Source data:
=-=-=-=-=

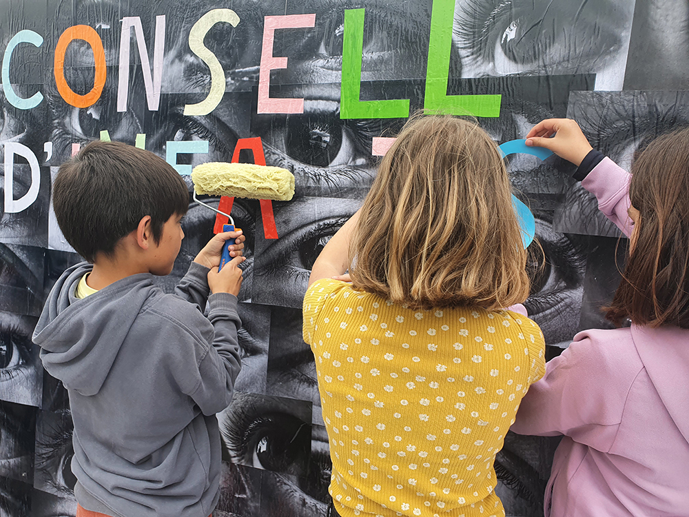 A partir d’aquí, es van crear quatre comissions de treball: celebració, relacionada amb el cicle festiu; veu, que ha treballat propostes relacionades amb la música, la literatura i la poesia; cos, vinculada a la dansa i el teatre; i espai, que ha ideat projectes relacionats amb les arts plàstiques, la fotografia i el land-art. Una de les idees compartides per tots els conseller si conselleres era fer un mural artístic en algun espai públic del municipi. En aquest sentit, es va incorporar al projecte a l’artista Beatriz del Campo, que durant tres sessions va fer fotos dels ulls dels nens i nenes, que han servit per realitzar un mural efímer, de paper, que aquesta setmana els infants han creat a l’aparcament de les Hortes. Juan Jurado ha apunta que “el Consell vol reconèixer els infants com a ciutadans i ciutadanes i donar valor a la seva veu i mirada en les decisions de la nostra comunitat, el mural visibilitza aquesta mirada dels nens i nenes sobre Esparreguera”.
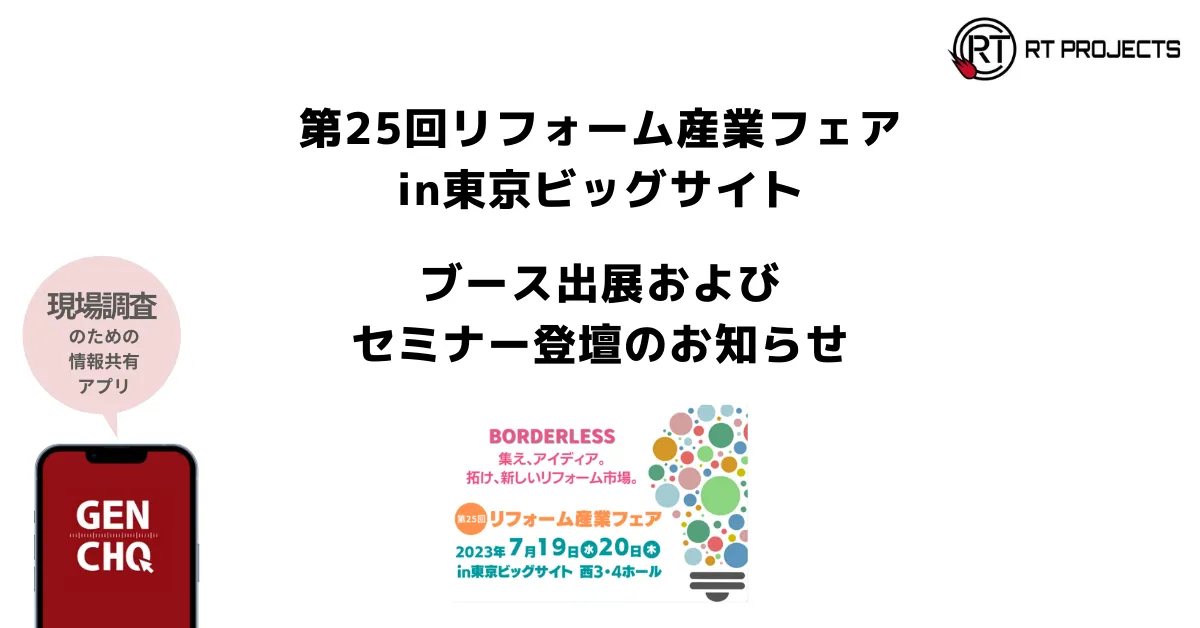 2023年7月19日と20日の2日間、東京ビッグサイトで開催されるリフォーム産業フェアに、現場調査用情報共有アプリ「GENCHO」が出展します。このフェアは、リフォーム業界の最新情報や技術が集結するイベントとして、多くの業者や一般の方々から注目を浴びています。
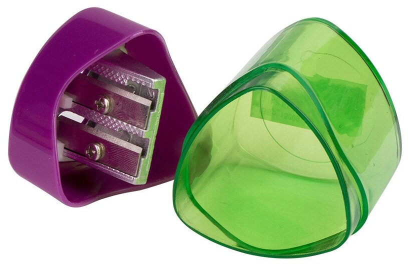 Точилка пластиковая , 2 отверстия. Яркие контракстные цвета крышки и контейнера. Большая вместимость контейнера. Позволяет легко и аккуратно производить заточку карандашей стандартного диаметра до 12 мм. Лезвия из высокачественной стали.
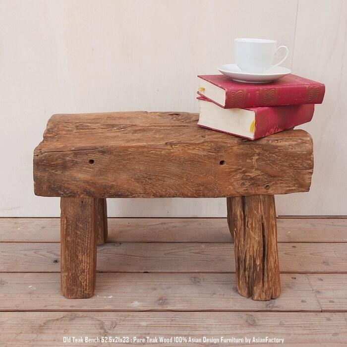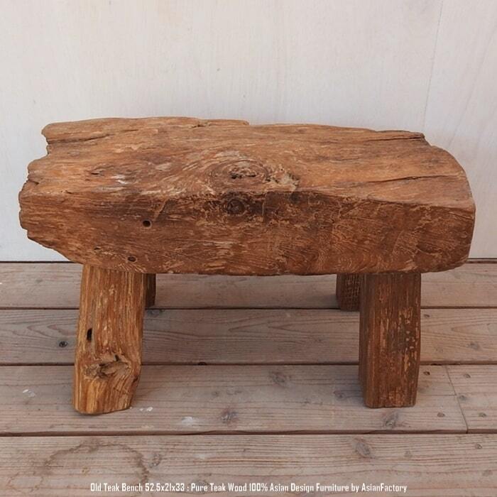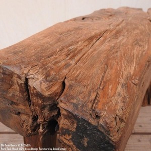 オールドチーク無垢材 極厚一枚板スツール 52.5cm ベンチ テーブル アジアン家具 椅子 銘木 チーク材 古木 古材 天然木 花台 飾り台 バリ家具 手作り ハンドメイド アンティーク
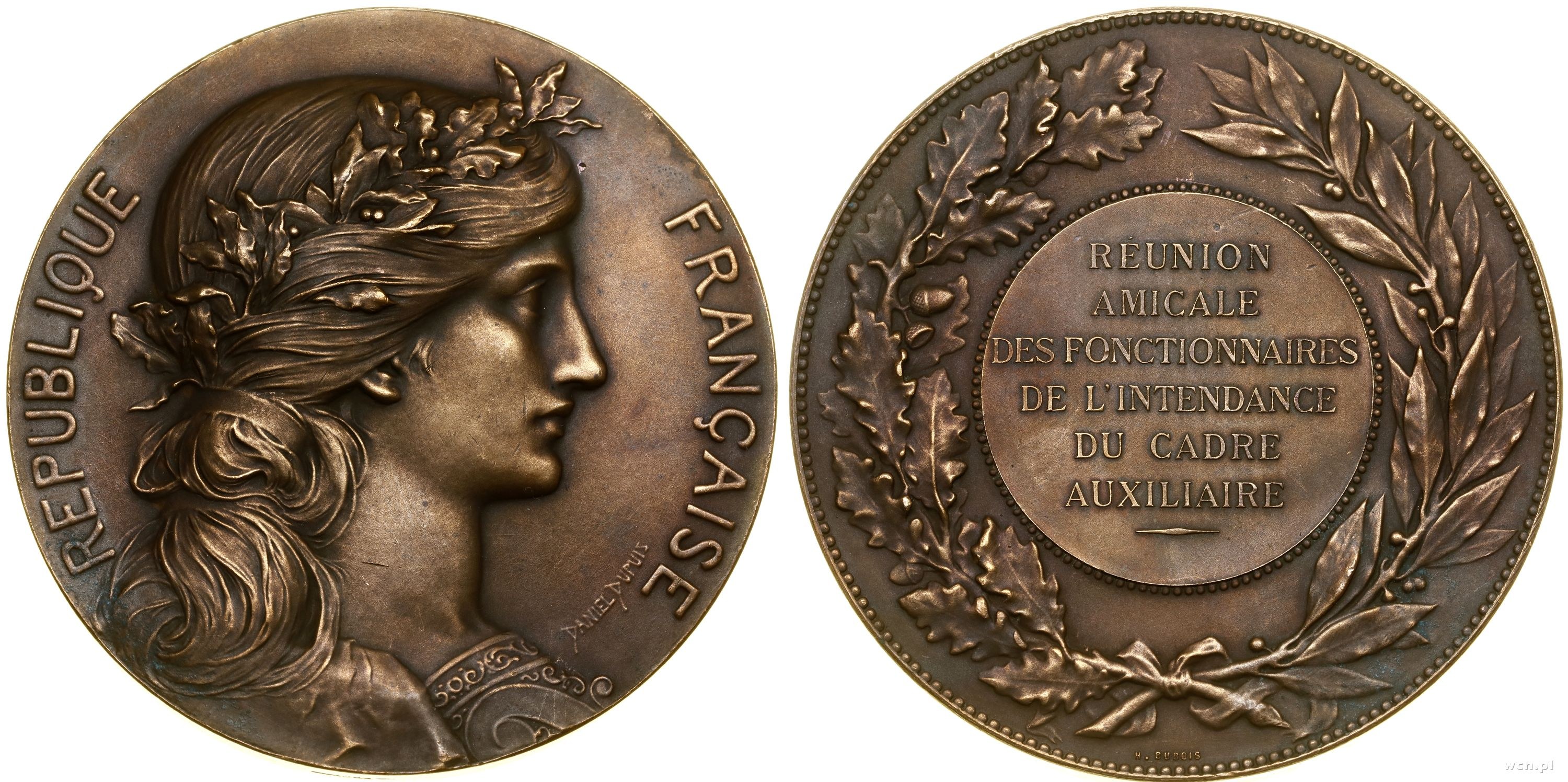 Aw: Popiersie w prawo, po prawej sygnatura DANIEL DUPUIS, REPUBLIQUE - FRANÇAISE, Rw: Wieniec, w którym medalion, w medalionie RÉUNION / AMICALE / DES FONCTIONNAIRES / DE L'INTENDANCE / DU CADRE / AUXILIARE, na dole sygnatura H. DUBOIS (Heni Dubois 1859–1930), Obrzeże: Punca BRONZE

=-=-=-=-=

Activity. Copy the records exactly, leaving out every picture.

Written solution.
 A partir d’aquí, es van crear quatre comissions de treball: celebració, relacionada amb el cicle festiu; veu, que ha treballat propostes relacionades amb la música, la literatura i la poesia; cos, vinculada a la dansa i el teatre; i espai, que ha ideat projectes relacionats amb les arts plàstiques, la fotografia i el land-art. Una de les idees compartides per tots els conseller si conselleres era fer un mural artístic en algun espai públic del municipi. En aquest sentit, es va incorporar al projecte a l’artista Beatriz del Campo, que durant tres sessions va fer fotos dels ulls dels nens i nenes, que han servit per realitzar un mural efímer, de paper, que aquesta setmana els infants han creat a l’aparcament de les Hortes. Juan Jurado ha apunta que “el Consell vol reconèixer els infants com a ciutadans i ciutadanes i donar valor a la seva veu i mirada en les decisions de la nostra comunitat, el mural visibilitza aquesta mirada dels nens i nenes sobre Esparreguera”.
 2023年7月19日と20日の2日間、東京ビッグサイトで開催されるリフォーム産業フェアに、現場調査用情報共有アプリ「GENCHO」が出展します。このフェアは、リフォーム業界の最新情報や技術が集結するイベントとして、多くの業者や一般の方々から注目を浴びています。
 Точилка пластиковая , 2 отверстия. Яркие контракстные цвета крышки и контейнера. Большая вместимость контейнера. Позволяет легко и аккуратно производить заточку карандашей стандартного диаметра до 12 мм. Лезвия из высокачественной стали.
 オールドチーク無垢材 極厚一枚板スツール 52.5cm ベンチ テーブル アジアン家具 椅子 銘木 チーク材 古木 古材 天然木 花台 飾り台 バリ家具 手作り ハンドメイド アンティーク
 Aw: Popiersie w prawo, po prawej sygnatura DANIEL DUPUIS, REPUBLIQUE - FRANÇAISE, Rw: Wieniec, w którym medalion, w medalionie RÉUNION / AMICALE / DES FONCTIONNAIRES / DE L'INTENDANCE / DU CADRE / AUXILIARE, na dole sygnatura H. DUBOIS (Heni Dubois 1859–1930), Obrzeże: Punca BRONZE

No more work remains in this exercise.